A fortress marker remains on the map until one of the following occur: 1) all friendly units move out of the locale or are eliminated; or 2) you may choose to remove any friendly fortress on the map as your last step in any Supply Phase.
If you move units into a locale containing only an enemy fortress, you gain immediate and automatic control of that fortress. If you win a battle against a force defending in a locale containing an enemy fortress, roll a die. On a result of one through three, you gain control of that fortress; on a four through six, the fortress is eliminated.
You may choose to place a Siege marker atop friendly land forces at the end of any Movement Phase in which it/they entered a locale containing an enemy fortress. The cost is three political points per marker. Units in a locale with a friendly siege marker are called a besieging force. You may only designate a land force as such if both the following pertain to its situation: 1) it’s locale must contain an enemy fortress and at least one enemy ground combat unit; and 2) your besieging force must contain at least one regular unit.
28.7 Siege Combat Effects
A besieging force negates the advantages given above to fortress defenders in rules 28.2(1) and 28.2(2).
28.8 Siege Supply Effects
A siege marker provides the amount of forage to its besieging force equal to the political point value of that locale. It also prevents enemy units in adjacent locales from being supplied by the besieged fortress, just as it also prevents enemy units in the besieged fortress’s locale from being supplied from an adjacent locale. Finally here, the Siege marker also negates the automatic supply of enemy units within the locale of the besieged fortress; those units draw on the normal supply forage value of the siege’s locale.
28.9 No Attack Requirement
A besieging force is never required to initiate an attack against the besieged fortress or the other enemy units in its locale.
28.10 Second & Third Combat Phase Siege Attacks
A besieging force may attack a fortress in Second and Third Combat Phases, but doing so requires the attacking player, in effect, to meet the requirements of a forced march.
If you move a force into a locale containing a garrisoned enemy fortress and you don’t start a siege there, you must attack that fortress using normal (non-siege) combat rules.
28.12 Relief Forces
The player controlling a besieged fortress may move units from outside that locale into the locale where the siege is taking place. Such a newly entering force is called a relief force. The Relief Force must attack the besieging force, which must be executed as the first attack of the ensuing Combat Phase using normal combat rules; the Siege marker has no effect on its resolution. The besieged force (the one already in the fortress’s locale) may not be combined with the attacking relief force. If the relief force wins its battle, the besieging force is retreated or eliminated out of the space and the relief force is instantly considered combined with the besieged force. If the relief force loses its battle, it’s retreated/ or eliminated out of the siege’s locale and the siege goes on.
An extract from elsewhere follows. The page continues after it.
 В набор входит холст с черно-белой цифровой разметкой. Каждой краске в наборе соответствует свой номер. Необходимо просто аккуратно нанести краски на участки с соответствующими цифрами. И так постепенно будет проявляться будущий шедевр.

Friendly besieged forces may be sortied in order to attack their enemy besieging force. Sorties may be conducted by some or all besieged units in a locale. They are resolved as normal combat as if no Fortress or Siege markers were present. A defeated sortie force may retreat back into its fortress. A sortie attack may be made in the same locale, and in the same Combat Phase, as a failed relief force attack.
28.14 Siege Duration
A Siege marker remains on the map until one of the following occurs: 1) All besieging units are eliminated, retreated, or moved out of the siege’s locale; or 2) the enemy fortress in the locale has been removed or captured. Siege markers may themselves never be captured by the enemy.
Once a Siege marker has been placed on the map, other units of the besieging side that enter that locale automatically join the besieging force. All units that move into a locale containing a friendly fortress under siege are considered part of the relieving force.
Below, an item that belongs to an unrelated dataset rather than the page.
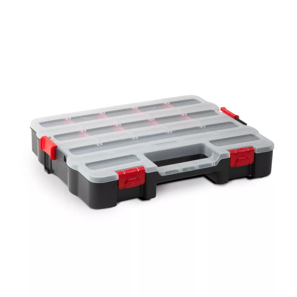 Innovatív rendszerező táskák, amelyek tetszőleges sorrendben egymáshoz kapcsolhatóak, így egyidejűleg könnyedén hordozhatóak. Az oldalán található retesz segítségével oldhatóak a ládák, így gyorsan hozzáférhető az éppen szükséges segédanyag. Az átlátszó fedélnek köszönhetően áttekinthető a beltartalom, akár kinyitás nélkül megtalálhatja a szükséges táskát. Rendszerezze a különböző méretű és típusú csavarokat, tipliket, alátéteket, anyákat, szerelési segédanyagokat külön-külön táskába a gyors és hatékony munkavégzés érdekében! A ládák strapabíró, erős műanyagból készültek, így hosszú élettartammal rendelkeznek. Praktikus, hiszen akár 18 db tárolórekesz is kialakítható, a mozgatható elválasztók segítségével. Ha nem használja az opcionális elválasztókat 2 db nagyméretű tárolórekeszt is rendelkezésre állhat, ahova akár csavarhúzót, villáskulcsot vagy egyéb szerszámot is tehet.

28.16 Sieges & Naval Transport
If a besieged fortress is in a port locale, units friendly to that fortress may enter and leave that locale via the normal rules of naval movement and transport (see section 24.0).
Partisan markers represent local guerrillas, mobs, agitators and so forth. There are two types of partisans: Rebels are American partisans; Tories are British partisans.
Partisans are created in Mobilization Phases as follows:
1) Indicate a colonial region.
2) Expend two political points if the area is pro your side, three if it’s neutral, and four if it is pro-enemy.
3) Roll a die. On a one through three, no partisan is placed; on a four through six, place one partisan unit in any locale in the region.
The locale into which you place a partisan unit may contain enemy units (or not); however, it may not contain another friendly partisan unit.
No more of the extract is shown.